Un’Assemblea costituente per le riforme istituzionali? È uno strumento sproporzionato e, se c’è da rinnovare un patto, va fatto fra le forze politiche che sono presenti in Parlamento. Capisco lo spirito costruttivo, ma, per diversi motivi, considero sbagliata questa proposta di Giuseppe Tognon su La Repubblica del 13 febbraio.
La prima osservazione è che, se c’è da rinnovare un patto, va fatto fra le forze politiche che sono presenti in Parlamento. La seconda è che lo strumento è sproporzionato rispetto a quello che c’è da fare. Caso mai si sarebbe dovuta costituire una bicamerale dentro questo Parlamento. Sarebbe stato lo strumento più congruo a favorire accordi.

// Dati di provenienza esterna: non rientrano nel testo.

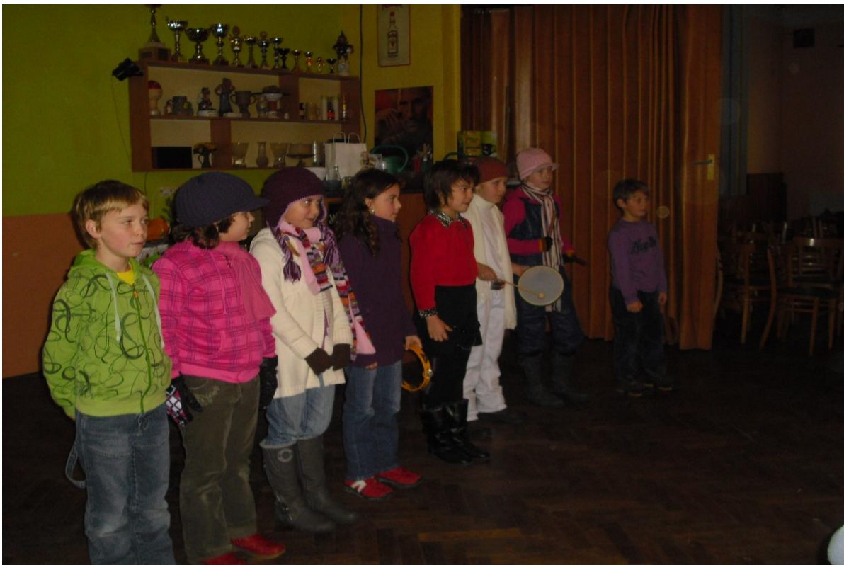
Vystoupení žáků na vánočním posezení důchodců

Lavorare invece in Commissione affari costituzionali, dove già maggioranza e opposizione si dividono sulle altre materie, si è infatti rilevato molto più polarizzante. Se si deve giungere a una riforma delle istituzioni della Repubblica, questa deve essere condivisa in Parlamento e non bisogna creare un canale parallelo perché questo crea problemi.
Lo ha dimostrato l’esperienza del Cile che ha eletto due Assemblee costituenti in parallelo al Parlamento e poi alla fine ha perso i referendum.
Quindi il patto lo devono e possono fare le forze politiche presenti in Parlamento cercando in tutti i modi di arrivare ai due terzi, cosa che è tecnicamente possibile. È solo una questione di volontà politica.
Lo strumento di un’Assemblea costituente è sproporzionato rispetto a quello che c’è da fare: un’importante ma limitata revisione della seconda parte della Costituzione relativamente a una forma ragionevole di premierato con equilibri rinnovati; e, a completamento del Titolo Quinto, ossia la trasformazione del Senato in Camera delle Regioni, che è il vero buco nero del rapporto centro-periferia e, senza il quale, anche l’Autonomia differenziata crea più problemi che soluzioni.
Per queste riforme lo strumento Assemblea costituente non serve. Le riforme condivise a due terzi dovrebbero essere la prima scelta, mentre quelle a maggioranza assoluta come il referendum dovrebbe essere vista solo come una subordinata.
- Pubblicato su Adkronos il 13 febbraio 2024.